Engineered brain tissue
Borrowing from microfabrication techniques used in the semiconductor industry, MIT and Harvard Medical School (HMS) engineers have developed what they say is a simple and inexpensive way to create three-dimensional brain tissues in a lab dish.
The technique yields tissue constructs that closely mimic the cellular composition of those in the living brain, the researchers said, which allows scientists to study how neurons form connections and to predict how cells from individual patients might respond to different drugs and paves the way for developing bioengineered implants to replace damaged tissue for organ systems.
Although researchers have had some success growing artificial tissues such as liver or kidney, the brain presents some unique challenges such as the spatial heterogeneity — there are so many kinds of cells, and they have intricate wiring.
Brain tissue includes many types of neurons, including inhibitory and excitatory neurons, as well as supportive cells such as glial cells. All of these cells occur at specific ratios and in specific locations. To mimic this architectural complexity in their engineered tissues, the researchers embedded a mixture of brain cells taken from the primary cortex of rats into sheets of hydrogel. They also included components of the extracellular matrix, which provides structural support and helps regulate cell behavior.
Those sheets were then stacked in layers, which can be sealed together using light to crosslink hydrogels. By covering layers of gels with plastic photomasks of varying shapes, the researchers could control how much of the gel was exposed to light, thus controlling the 3-D shape of the multilayer tissue construct.
This type of photolithography is also used to build integrated circuits onto semiconductors — a process that requires a photomask aligner machine, which costs tens of thousands of dollars. However, the team developed a much less expensive way to assemble tissues using masks made from sheets of plastic, similar to overhead transparencies, held in place with alignment pins.
The researchers believe this system is the first that includes all of the necessary features for building useful 3-D tissues: It is inexpensive, precise, and allows complex patterns to be generated. Many people could easily use this method for creating heterogeneous, complex gel structures.
Subatomic breakthrough for quantum computing
In what they say is a key step toward building a machine that promises to revolutionize computing, Princeton researchers have developed a method that they say could quickly and reliably transmit information through a computer using the power of subatomic particles. The finding could eventually allow engineers to build a working quantum computer. By using principles radically different from classical physics, quantum computers would allow mathematicians to solve problems impossible to approach with standard computers: factoring immense numbers, cracking codes or simulating molecular behavior.
Quantum computers take advantage of the strange behaviors of subatomic particles like electrons. By harnessing electrons as they spin, scientists could use the particles to form the basis for a new type of computing. The problem, though, is that these incredibly tiny electrons are hard to control. So far, scientists have only been able to harness extremely small numbers of them. But in a recent series of experiments, the Princeton team demonstrated a new approach that could eventually allow engineers to build quantum computers consisting of millions of quantum bits, or qubits.
The quest in quantum computing today is trying to build a larger system. To transfer information, the researchers used a stream of microwave photons to analyze a pair of electrons trapped in a tiny cage called a quantum dot. The “spin state” of the electrons — information about how they are spinning — serves as the qubit, a basic unit of information. The microwave stream allows the scientists to read that information.
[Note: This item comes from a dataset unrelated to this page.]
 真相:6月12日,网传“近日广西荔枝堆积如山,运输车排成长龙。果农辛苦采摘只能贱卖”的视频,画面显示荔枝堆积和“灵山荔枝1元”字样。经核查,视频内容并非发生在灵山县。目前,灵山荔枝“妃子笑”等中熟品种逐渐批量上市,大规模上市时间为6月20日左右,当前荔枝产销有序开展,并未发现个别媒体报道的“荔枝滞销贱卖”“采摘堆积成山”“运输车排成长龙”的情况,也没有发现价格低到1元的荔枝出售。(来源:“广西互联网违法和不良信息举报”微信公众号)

Diamonds for nanomanufacturing
One of the most promising innovations of nanotechnology has been the ability to perform rapid nanofabrication using nanometer-scale tips and heating those tips can increase fabrication speeds. At the same time, high speed and high temperature have been known to blunt their atomically sharp points. However, research conducted by the University of Illinois, the University of Pennsylvania and Advanced Diamond Technologies has created a new type of nano-tip for thermal processing, made entirely made out of diamond.
Researchers have been imaging nanoscale objects with atomic force microscopes for two decades, which use nanometer-scale tips to feel the push and pull of individual atomic forces. Researchers have also been interested in using these tips to etch surfaces or deposit materials in nano-manufacturing processes, but one of the key challenges has been the reliability of the tips, especially with performing nano-writing on hard, semiconductor surfaces.
Using a process known as reactive ion etching, the researchers were able to create a new kind of diamond tip that is much more resistant to wear and heat than its silicon counterparts.
The robustness of these diamond-based probes under such harsh conditions — high temperatures and stresses in an oxidizing environment — exceeds anything the researchers had seen with other atomic force microscope probes. Being able to heat the tips without their degrading opens up the possibility for using them in new manufacturing processes.
To prove its robustness, the researchers scanned the 10-nanometer diamond tip over a surface for a distance of more than 1.2 meters and showed that it experienced essentially no wear over that distance. The scan distance is equal to 100 million times the size of the tip, which is equivalent of a person walking around the circumference of the earth four times, and doing so with no measurable wear.
The researchers believe that the new tip’s durability combined with the multifunctionality of a thermal probe will open up new applications for atomic force microscopes.